12. An apparatus for classifying a sound signal, the apparatus comprising: a background noise parameter updating module and a signal initial classification PSC module;

the background noise parameter updating module is used for determining the updating rate of the background noise according to the background noise spectrum distribution parameters and the spectrum distribution parameters of the current sound signal and sending the determined updating rate;

the PSC module is used for receiving the updating rate from the background noise parameter updating module, updating the noise parameters, classifying the current sound signals according to the sub-band energy parameters and the updated noise parameters, and sending the sound signal types determined by classification.

13. The apparatus of claim 12, further comprising: and the signal classification decision module is used for receiving the sound signal type from the PSC module, determining the type of the useful signal based on the open-loop pitch parameter, the guide spectrum frequency parameter and the sub-band energy parameter or the guide spectrum frequency parameter and the sub-band energy parameter, and transmitting the determined type of the useful signal.

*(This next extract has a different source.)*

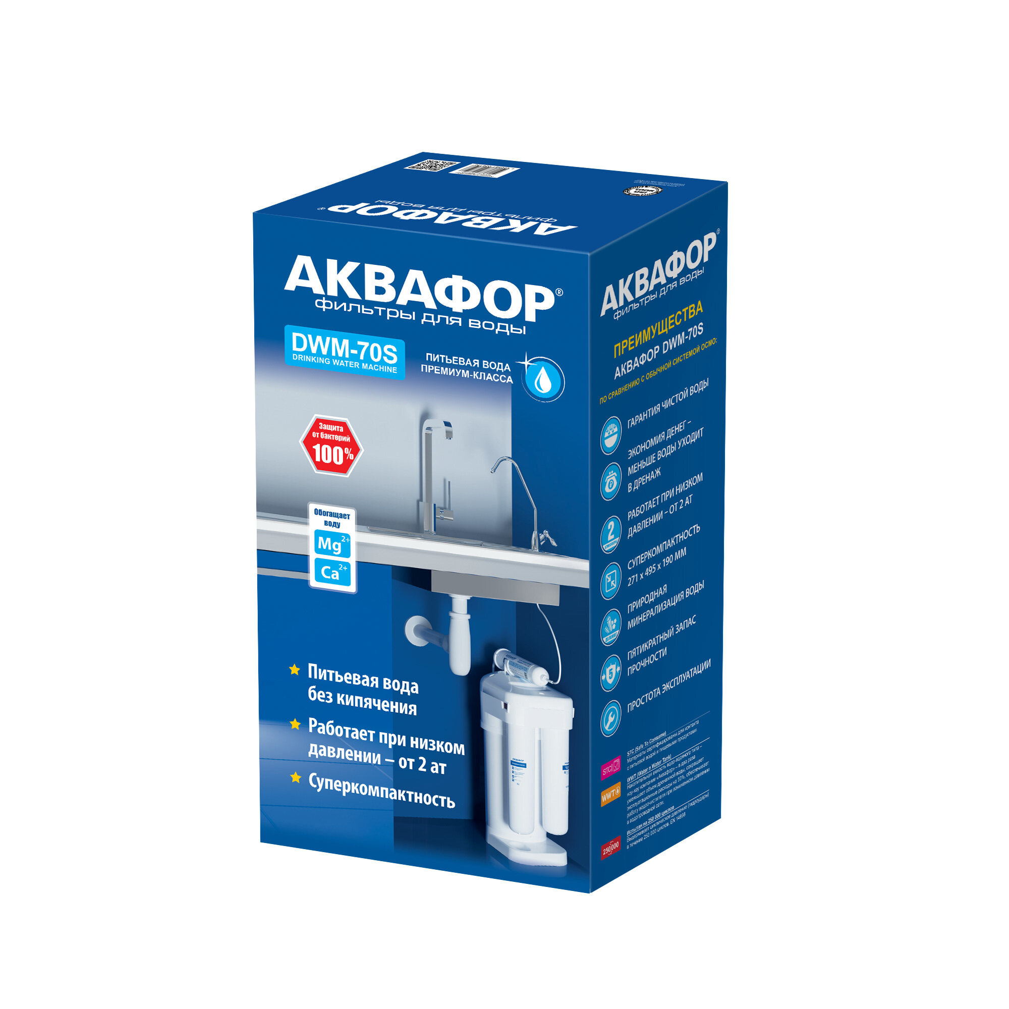 Купить Система обратного осмоса Аквафор DWM-70S быстросъемный 3 ступени с минерализатором бак 5 л кран в комплекте

14. The apparatus of claim 13, further comprising: the classification parameter extraction module is used for receiving the sound signal type from the PSC module and transmitting the sound signal type to the signal classification judgment module; acquiring a pilot frequency parameter and a sub-band energy parameter, or acquiring an open-loop pitch parameter, a pilot frequency parameter and a sub-band energy parameter, processing the acquired parameters into signal classification characteristic parameters, and transmitting the signal classification characteristic parameters to the signal classification judgment module; processing the acquired parameters into the frequency spectrum distribution parameters of the sound signals and the frequency spectrum distribution parameters of the background noise, and transmitting the frequency spectrum distribution parameters to the background noise parameter updating module;

the signal classification decision module determines the type of the useful signal according to the signal classification characteristic parameters and the type of the sound signal determined by the PSC module, wherein the type of the useful signal comprises a speech signal and a music signal.

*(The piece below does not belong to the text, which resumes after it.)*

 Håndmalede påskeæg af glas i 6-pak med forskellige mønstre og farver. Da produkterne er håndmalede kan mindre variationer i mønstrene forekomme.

15. The apparatus of claim 13 or 14, wherein the signal classification decision module comprises: a parameter updating submodule and a judgment submodule; the parameter updating submodule is used for updating the threshold in the signal classification judgment process according to the signal-to-noise ratio and providing the updated threshold to the judgment submodule;

the decision sub-module is used for receiving the sound signal type from the PSC module, determining the type of the useful signal based on the open-loop pitch parameter, the pilot frequency parameter, the sub-band energy parameter and the updated threshold or based on the pilot frequency parameter, the sub-band energy parameter and the updated threshold, and sending the determined type of the useful signal.

16. The apparatus of claim 13, further comprising: and the coder mode and rate selection module is used for receiving the type of the useful signal from the signal classification judgment module and determining the coding mode and the rate of the sound signal according to the type of the received useful signal.

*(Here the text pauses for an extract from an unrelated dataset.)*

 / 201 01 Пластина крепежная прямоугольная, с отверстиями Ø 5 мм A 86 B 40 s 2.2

17. The apparatus of claim 14, further comprising: and the encoder parameter extraction module is used for extracting sub-band energy parameters and transmitting the sub-band energy parameters to the classification parameter extraction module or extracting the sub-band energy parameters and the encoder parameters and transmitting the sub-band energy parameters and the encoder parameters to the classification parameter extraction module, and extracting the sub-band energy parameters and transmitting the sub-band energy parameters to the PSC module, wherein the encoder parameters comprise a guide spectrum frequency parameter and an open loop pitch parameter.